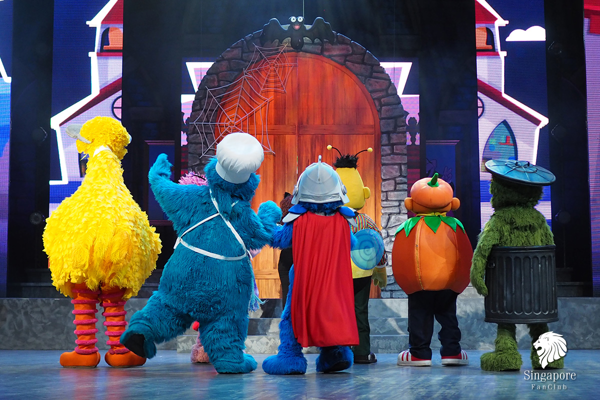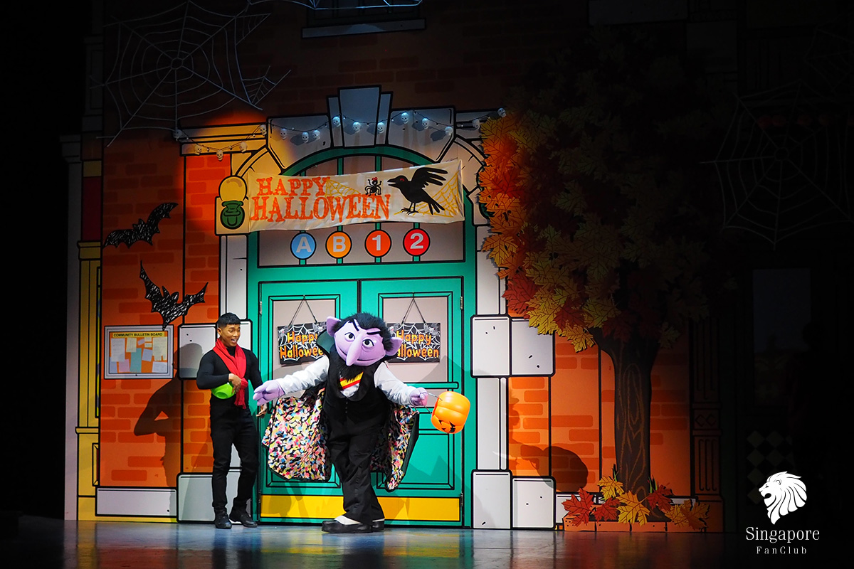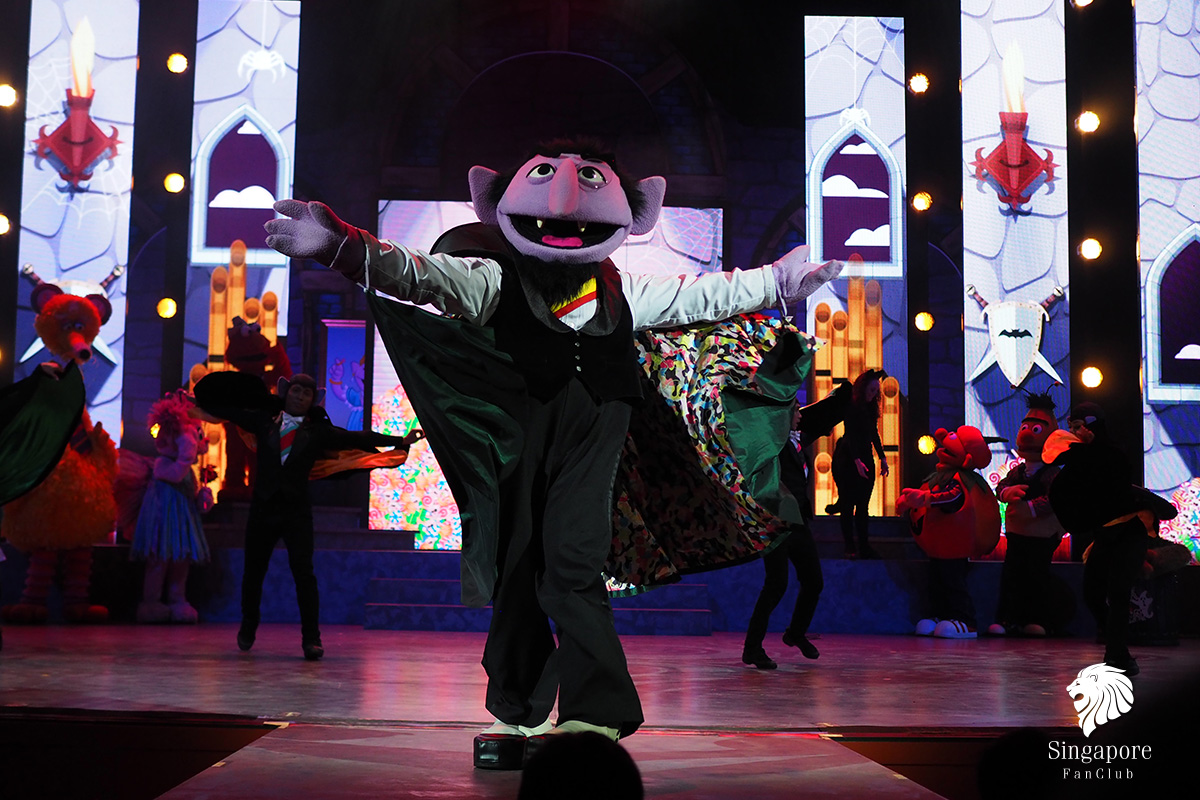 ตัวละครหลักๆ มากันเกือบครบบนเวที เช่น Elmo, Big Bird, Cookie Monster, Bert, Oscar the Grouch, และตัวละคนที่เด่นที่สุดบนเวทีนี้คือ Count von Count เพราะนี่คือเทศกาล Halloween
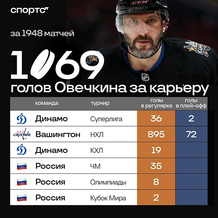 Овечкин – лучший снайпер в истории НХЛ! И все же его профессиональная карьера не ограничивалась одной лигой – была и неплохо подготовившая Суперлига, и локаутная КХЛ, где, кстати, ему хватило матчей в регулярке, чтобы стать чемпионом. Ну и про голы за сборную забывать как-то тоже не хочется. Поэтому количество шайб, заброшенных Ови в своей профессиональной карьере, заметно выше, чем в регулярках НХЛ (хотя бы потому, что мы и Кубок Стэнли посчитали).
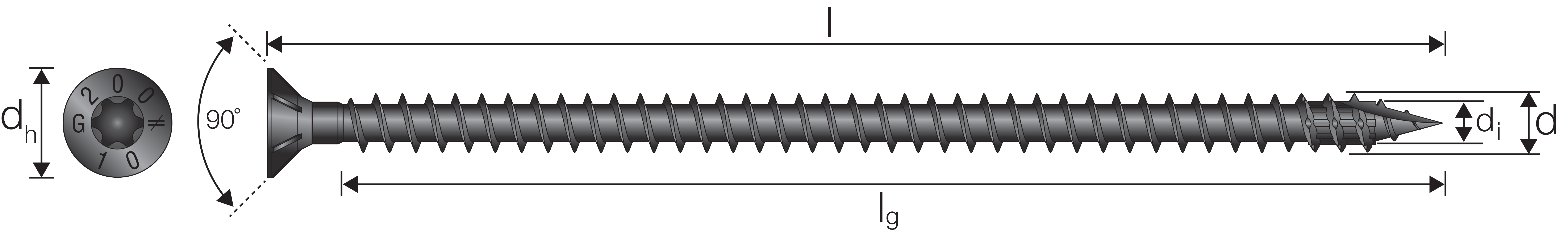 • Countersunk head: ideal for timber/timber or steel/timber assembly with head flush with surface
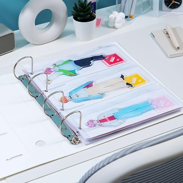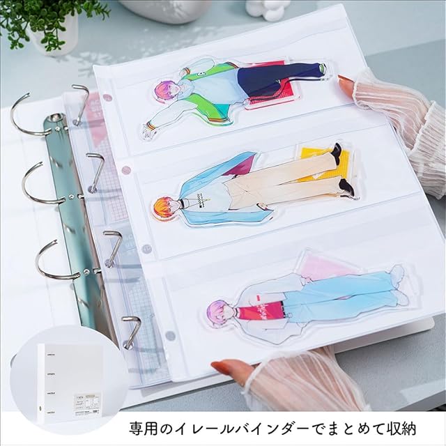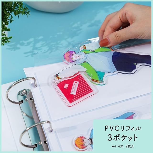 ✅【推し活収納系インフルエンサー『mico』監修】高さ20cm・幅10cm以内のアクスタを美しく保管・収納できる4穴バインダー式リフィル。柔らかいPVC素材と白台紙の組み合わせで、厚みのあるアクスタも安心して収納できます。蓋付きポケット設計で出し入れしやすく、飛び出しも防止。ポケットサイズの異なるイレールPVCリフィルシリーズと組み合わせれば、様々なサイズのアクスタを一冊のバインダーにまとめて収納できます。

Exercise description
Recopy the full listing exactly, passing over any picture.

Result of the task
 ตัวละครหลักๆ มากันเกือบครบบนเวที เช่น Elmo, Big Bird, Cookie Monster, Bert, Oscar the Grouch, และตัวละคนที่เด่นที่สุดบนเวทีนี้คือ Count von Count เพราะนี่คือเทศกาล Halloween
 Овечкин – лучший снайпер в истории НХЛ! И все же его профессиональная карьера не ограничивалась одной лигой – была и неплохо подготовившая Суперлига, и локаутная КХЛ, где, кстати, ему хватило матчей в регулярке, чтобы стать чемпионом. Ну и про голы за сборную забывать как-то тоже не хочется. Поэтому количество шайб, заброшенных Ови в своей профессиональной карьере, заметно выше, чем в регулярках НХЛ (хотя бы потому, что мы и Кубок Стэнли посчитали).
 • Countersunk head: ideal for timber/timber or steel/timber assembly with head flush with surface
 ✅【推し活収納系インフルエンサー『mico』監修】高さ20cm・幅10cm以内のアクスタを美しく保管・収納できる4穴バインダー式リフィル。柔らかいPVC素材と白台紙の組み合わせで、厚みのあるアクスタも安心して収納できます。蓋付きポケット設計で出し入れしやすく、飛び出しも防止。ポケットサイズの異なるイレールPVCリフィルシリーズと組み合わせれば、様々なサイズのアクスタを一冊のバインダーにまとめて収納できます。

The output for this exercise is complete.